22. A laminated vehicle windshield including first and second glass substrates laminated to one another, at least the first glass substrate supporting a multi-layered coating, the coating comprising: a first layer comprising silicon nitride which is located on and directly contacts a surface of the first glass substrate; a first layer comprising zinc oxide located over at least the first layer comprising silicon nitride; a first infrared (IR) reflecting layer comprising silver located over and contacting the first layer comprising zinc oxide; a second layer comprising silicon nitride located over at least the first IR reflecting layer; a second layer comprising zinc oxide located over at least the second layer comprising silicon nitride; a second IR reflecting layer comprising silver located over and contacting the second layer comprising zinc oxide; a layer comprising an oxide of Ni and/or Cr located over and contacting the second IR reflecting layer; at least another dielectric layer located over at least the layer comprising an oxide of Ni and/or Cr; and wherein the laminated vehicle windshield, following heat treatment of at least the first glass substrate, has a sheet resistance of less than or equal to 3.0 ohms/square and a visible transmission of at least 76.0%.

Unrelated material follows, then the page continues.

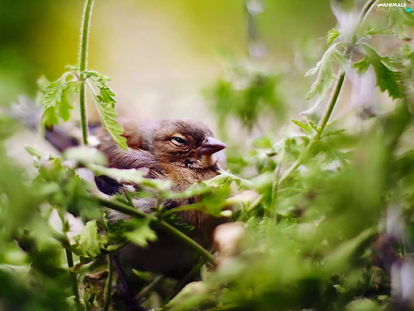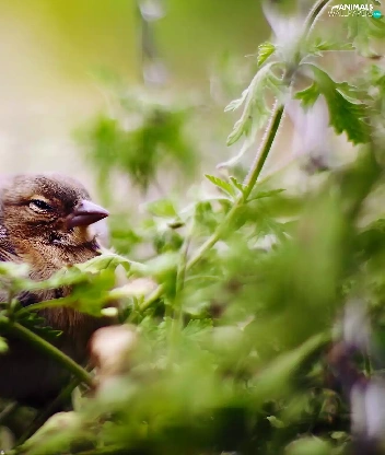 sleepy, Plants, green, Sparrow

23. The laminated vehicle windshield of claim 22, wherein the laminated vehicle windshield, following heat treatment of at least the first glass substrate, has a sheet resistance of less than or equal to 2.5 ohms/square and a visible transmission of at least 77.0%.

24. The laminated vehicle windshield of claim 22, wherein the laminated vehicle windshield, following heat treatment of at least the first glass substrate, has a sheet resistance of less than or equal to 2.1 ohms/square and a visible transmission of at least 77.5%.

25. The laminated vehicle windshield of claim 22, wherein the windshield, following heat treatment of at least the first glass substrate, has a haze value of less than or equal to 0.40.

26. The laminated vehicle windshield of claim 22, wherein the windshield, following heat treatment of at least the first glass substrate, has a haze value of less than or equal to 0.36.

27. The laminated vehicle windshield of claim 22, wherein at least one of the first and second layers comprising silicon nitride is Si-rich so as to be represented by SixNy, where x/y is from 0.8 to 1.4.

28. The laminated vehicle windshield of claim 22, further comprising a layer comprising tin oxide located between the first and second IR reflecting layers.

29. A laminated vehicle windshield including first and second glass substrates laminated to one another, at least the first glass substrate supporting a multi-layered coating, the coating comprising: a first dielectric layer on the first glass substrate; a first infrared (IR) reflecting layer located over at least the first dielectric layer; a second dielectric layer located over at least the first IR reflecting layer; a second IR reflecting layer located over at least the second dielectric layer; a third dielectric layer located over at least the second IR reflecting layer; and wherein the laminated vehicle windshield, following heat treatment of each of the first and second glass substrates, has a sheet resistance via the coating of less than or equal to 2.5 ohms/square, and has a visible transmission of at least 77%.

30. The laminated vehicle windshield of claim 29, wherein the laminated vehicle windshield, following heat treatment of each of the first and second glass substrates, has a visible transmission of at least 77.5% and a haze value of less than or equal to 0.40.

31. The laminated vehicle windshield of claim 29, wherein the laminated vehicle windshield, following heat treatment of each of the first and second glass substrates, has a haze value of less than or equal to 0.35.